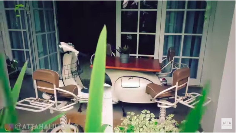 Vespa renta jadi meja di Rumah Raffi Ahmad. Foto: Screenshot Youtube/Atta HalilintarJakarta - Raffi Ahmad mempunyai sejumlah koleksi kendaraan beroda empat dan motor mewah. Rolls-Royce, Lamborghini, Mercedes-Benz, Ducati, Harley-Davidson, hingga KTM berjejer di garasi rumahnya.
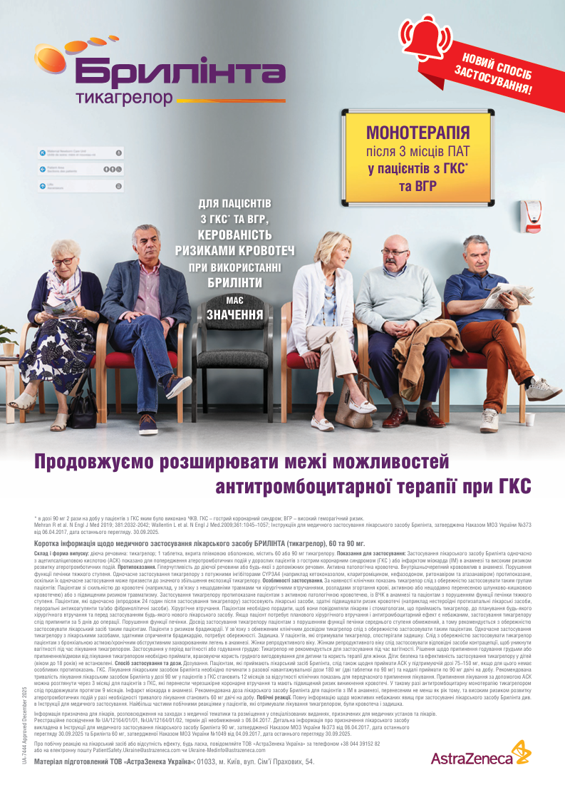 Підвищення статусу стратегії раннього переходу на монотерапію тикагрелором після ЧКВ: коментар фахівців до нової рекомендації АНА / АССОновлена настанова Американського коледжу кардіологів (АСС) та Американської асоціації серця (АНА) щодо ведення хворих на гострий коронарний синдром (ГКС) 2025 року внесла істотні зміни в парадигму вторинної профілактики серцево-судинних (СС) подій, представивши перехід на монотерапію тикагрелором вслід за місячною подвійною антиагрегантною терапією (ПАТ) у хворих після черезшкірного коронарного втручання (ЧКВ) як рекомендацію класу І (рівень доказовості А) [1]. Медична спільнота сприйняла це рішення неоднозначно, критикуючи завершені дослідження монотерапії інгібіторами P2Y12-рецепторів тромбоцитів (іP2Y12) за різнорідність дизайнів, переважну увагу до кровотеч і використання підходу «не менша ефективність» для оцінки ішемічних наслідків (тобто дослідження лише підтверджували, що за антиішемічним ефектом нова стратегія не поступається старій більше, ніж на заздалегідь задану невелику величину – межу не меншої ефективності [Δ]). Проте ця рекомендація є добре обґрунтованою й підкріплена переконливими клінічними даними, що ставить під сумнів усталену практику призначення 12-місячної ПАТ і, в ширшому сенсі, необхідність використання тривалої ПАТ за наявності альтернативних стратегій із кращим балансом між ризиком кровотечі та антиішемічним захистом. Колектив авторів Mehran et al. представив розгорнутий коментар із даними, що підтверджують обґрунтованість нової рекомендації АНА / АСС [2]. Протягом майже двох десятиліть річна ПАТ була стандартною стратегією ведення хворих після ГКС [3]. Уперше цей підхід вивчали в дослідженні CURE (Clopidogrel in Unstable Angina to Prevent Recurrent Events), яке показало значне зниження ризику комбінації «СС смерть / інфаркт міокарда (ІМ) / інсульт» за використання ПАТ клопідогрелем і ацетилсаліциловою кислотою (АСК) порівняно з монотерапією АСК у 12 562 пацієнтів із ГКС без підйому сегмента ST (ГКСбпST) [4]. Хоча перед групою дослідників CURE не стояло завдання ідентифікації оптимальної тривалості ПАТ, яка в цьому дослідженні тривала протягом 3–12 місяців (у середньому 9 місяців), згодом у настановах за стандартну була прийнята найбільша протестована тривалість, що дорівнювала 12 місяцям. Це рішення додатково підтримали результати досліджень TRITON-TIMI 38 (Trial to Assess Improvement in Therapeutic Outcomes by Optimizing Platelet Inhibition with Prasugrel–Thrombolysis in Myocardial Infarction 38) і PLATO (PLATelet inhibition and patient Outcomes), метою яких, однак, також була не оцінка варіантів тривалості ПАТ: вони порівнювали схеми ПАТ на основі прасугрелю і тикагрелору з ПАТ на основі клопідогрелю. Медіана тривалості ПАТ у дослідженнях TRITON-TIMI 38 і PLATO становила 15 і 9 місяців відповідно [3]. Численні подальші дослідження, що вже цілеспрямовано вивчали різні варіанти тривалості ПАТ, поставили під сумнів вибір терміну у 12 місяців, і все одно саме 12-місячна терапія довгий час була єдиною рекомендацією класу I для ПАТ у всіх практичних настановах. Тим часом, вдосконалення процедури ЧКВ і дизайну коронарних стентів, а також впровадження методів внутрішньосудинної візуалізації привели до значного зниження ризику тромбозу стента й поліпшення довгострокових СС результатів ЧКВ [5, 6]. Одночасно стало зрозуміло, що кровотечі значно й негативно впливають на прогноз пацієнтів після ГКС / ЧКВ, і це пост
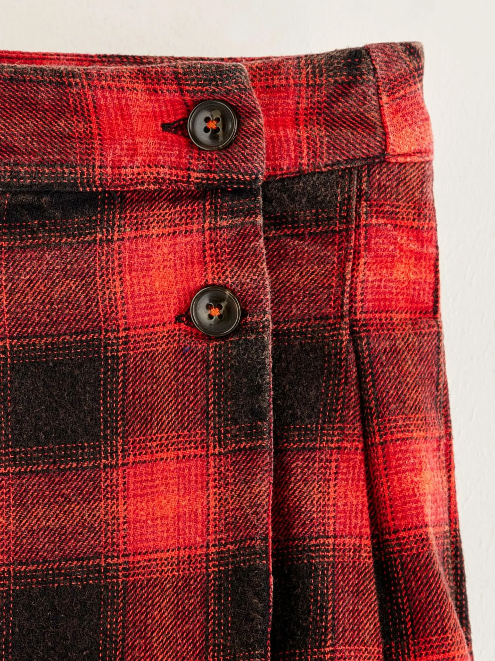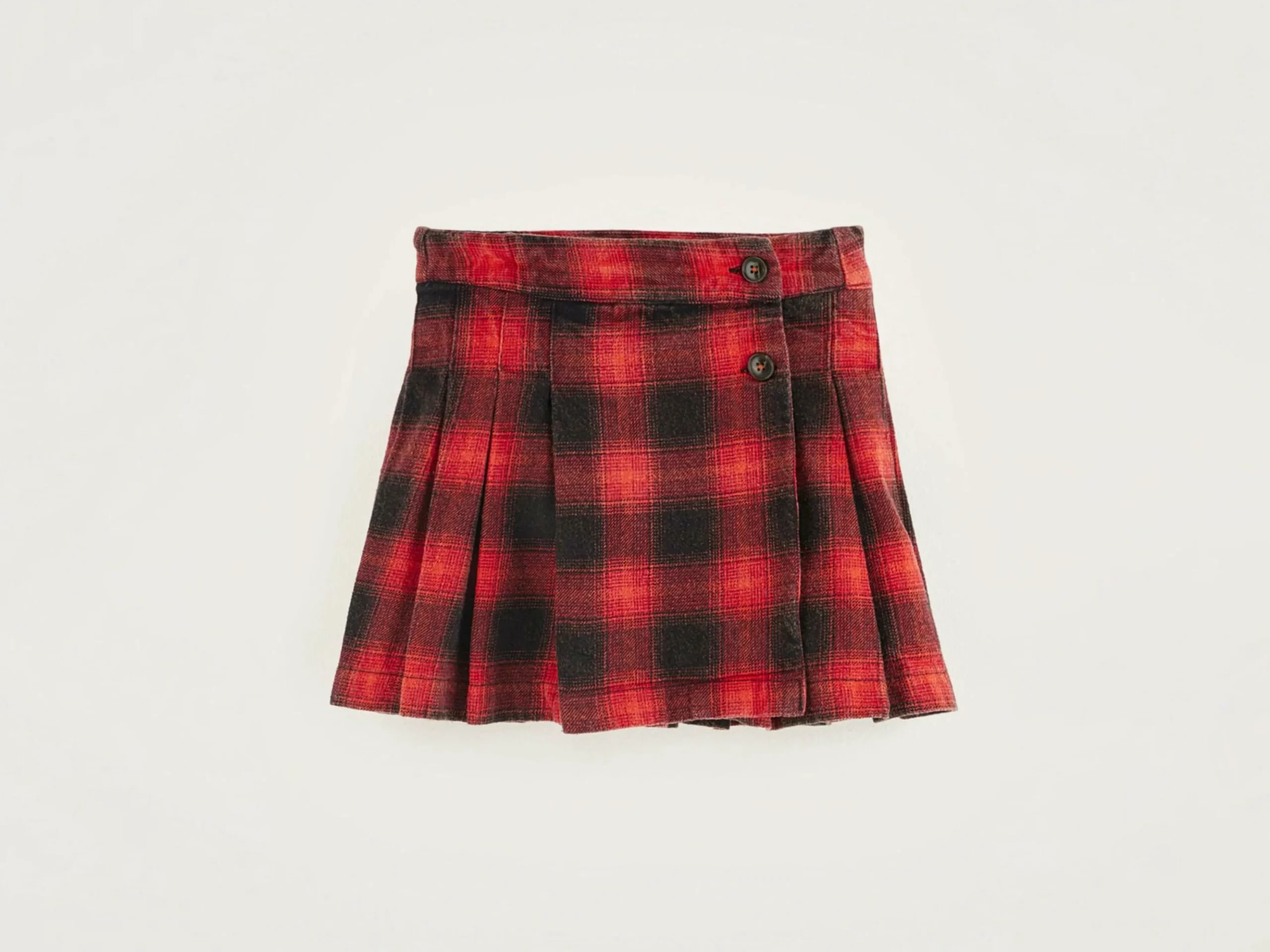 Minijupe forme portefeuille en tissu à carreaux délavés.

**WORK INSTRUCTIONS**:
The data above must be given again in full and unaltered, minus its images.

**EXPECTED ANSWER**:
 Vespa renta jadi meja di Rumah Raffi Ahmad. Foto: Screenshot Youtube/Atta HalilintarJakarta - Raffi Ahmad mempunyai sejumlah koleksi kendaraan beroda empat dan motor mewah. Rolls-Royce, Lamborghini, Mercedes-Benz, Ducati, Harley-Davidson, hingga KTM berjejer di garasi rumahnya.
 Підвищення статусу стратегії раннього переходу на монотерапію тикагрелором після ЧКВ: коментар фахівців до нової рекомендації АНА / АССОновлена настанова Американського коледжу кардіологів (АСС) та Американської асоціації серця (АНА) щодо ведення хворих на гострий коронарний синдром (ГКС) 2025 року внесла істотні зміни в парадигму вторинної профілактики серцево-судинних (СС) подій, представивши перехід на монотерапію тикагрелором вслід за місячною подвійною антиагрегантною терапією (ПАТ) у хворих після черезшкірного коронарного втручання (ЧКВ) як рекомендацію класу І (рівень доказовості А) [1]. Медична спільнота сприйняла це рішення неоднозначно, критикуючи завершені дослідження монотерапії інгібіторами P2Y12-рецепторів тромбоцитів (іP2Y12) за різнорідність дизайнів, переважну увагу до кровотеч і використання підходу «не менша ефективність» для оцінки ішемічних наслідків (тобто дослідження лише підтверджували, що за антиішемічним ефектом нова стратегія не поступається старій більше, ніж на заздалегідь задану невелику величину – межу не меншої ефективності [Δ]). Проте ця рекомендація є добре обґрунтованою й підкріплена переконливими клінічними даними, що ставить під сумнів усталену практику призначення 12-місячної ПАТ і, в ширшому сенсі, необхідність використання тривалої ПАТ за наявності альтернативних стратегій із кращим балансом між ризиком кровотечі та антиішемічним захистом. Колектив авторів Mehran et al. представив розгорнутий коментар із даними, що підтверджують обґрунтованість нової рекомендації АНА / АСС [2]. Протягом майже двох десятиліть річна ПАТ була стандартною стратегією ведення хворих після ГКС [3]. Уперше цей підхід вивчали в дослідженні CURE (Clopidogrel in Unstable Angina to Prevent Recurrent Events), яке показало значне зниження ризику комбінації «СС смерть / інфаркт міокарда (ІМ) / інсульт» за використання ПАТ клопідогрелем і ацетилсаліциловою кислотою (АСК) порівняно з монотерапією АСК у 12 562 пацієнтів із ГКС без підйому сегмента ST (ГКСбпST) [4]. Хоча перед групою дослідників CURE не стояло завдання ідентифікації оптимальної тривалості ПАТ, яка в цьому дослідженні тривала протягом 3–12 місяців (у середньому 9 місяців), згодом у настановах за стандартну була прийнята найбільша протестована тривалість, що дорівнювала 12 місяцям. Це рішення додатково підтримали результати досліджень TRITON-TIMI 38 (Trial to Assess Improvement in Therapeutic Outcomes by Optimizing Platelet Inhibition with Prasugrel–Thrombolysis in Myocardial Infarction 38) і PLATO (PLATelet inhibition and patient Outcomes), метою яких, однак, також була не оцінка варіантів тривалості ПАТ: вони порівнювали схеми ПАТ на основі прасугрелю і тикагрелору з ПАТ на основі клопідогрелю. Медіана тривалості ПАТ у дослідженнях TRITON-TIMI 38 і PLATO становила 15 і 9 місяців відповідно [3]. Численні подальші дослідження, що вже цілеспрямовано вивчали різні варіанти тривалості ПАТ, поставили під сумнів вибір терміну у 12 місяців, і все одно саме 12-місячна терапія довгий час була єдиною рекомендацією класу I для ПАТ у всіх практичних настановах. Тим часом, вдосконалення процедури ЧКВ і дизайну коронарних стентів, а також впровадження методів внутрішньосудинної візуалізації привели до значного зниження ризику тромбозу стента й поліпшення довгострокових СС результатів ЧКВ [5, 6]. Одночасно стало зрозуміло, що кровотечі значно й негативно впливають на прогноз пацієнтів після ГКС / ЧКВ, і це пост
 Minijupe forme portefeuille en tissu à carreaux délavés.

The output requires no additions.